Anshul Bajpai

Technical Lead (Data Engineering), Healthdirect Australia

Anshul Bajpai is an enthusiastic Data Engineering geek who is currently working as Data Architect / Technical Lead at Healthdirect Australia (a Public Health Sector Company). He has 12+ years of overall IT experience in a variety of large enterprise systems ranging from Oil&Gas, Pharmaceuticals, Ecommerce, Travel etc. which includes 5+ years of extensive experience with designing, prototyping, building and deploying scalable data processing pipelines on distributed platform using Scala, Spark, Databricks Delta Lake, Kafka, Hadoop ecosystem etc. He is very passionate about solving complex problems in compute intensive big data systems involving volume, variety and velocity.

Past sessions

Healthcare directories underpin most healthcare systems around the world and is often a core component that enables initiatives like 'Care Coordination'. For example, if your Doctor needs to refer you to a Specialist, they use a healthcare directory to find the Specialist or if your Hospital needs to send out a discharge summary to your Doctor, they use a secure messaging lookup that's powered by a healthcare directory. Due to these kinds of critical use-cases, healthcare directories often become a "single point of failure" to healthcare systems. This is especially true in the event you have bad data quality within the directory.

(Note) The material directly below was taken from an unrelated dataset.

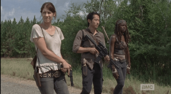 maggiie sez it’s a good question Published February 28, 2015 at 596 × 328 in The Walking Dead, Season 5, Episode 11, “The Distance” Looking away, Maggie agrees, “It’s a good question.”

In our session, we will present how the NHSD** implemented a 'Federated Data Directory Platform' that ingests data from multiple sources (Authoritative Systems of Record) and performs data operations like validation, matching, merging, enrichment, and versioning whilst generating and maintaining comprehensive data lineage, attribution and provenance in a quest to continually improve data quality, governance and completeness of Australia’s national directory of health services and practitioners. We will also cover how we currently ‘rank’ (promote/demote) input data sources based on manual audit outcomes and how we intend to use machine learning to achieve auto classification of preferred data sources. We will also detail our solution architecture built on Databricks Delta Lake and Spark Structured Streaming.

** Launched in 2012, the National Health Services Directory (NHSD) is a national directory of health services and the practitioners who provide them. This key piece of national digital health infrastructure was established by an Australian Health Ministers’ Advisory Council (AHMAC) agreement. It is jointly funded by Departments of Health within state and federal governments and managed by Healthdirect Australia.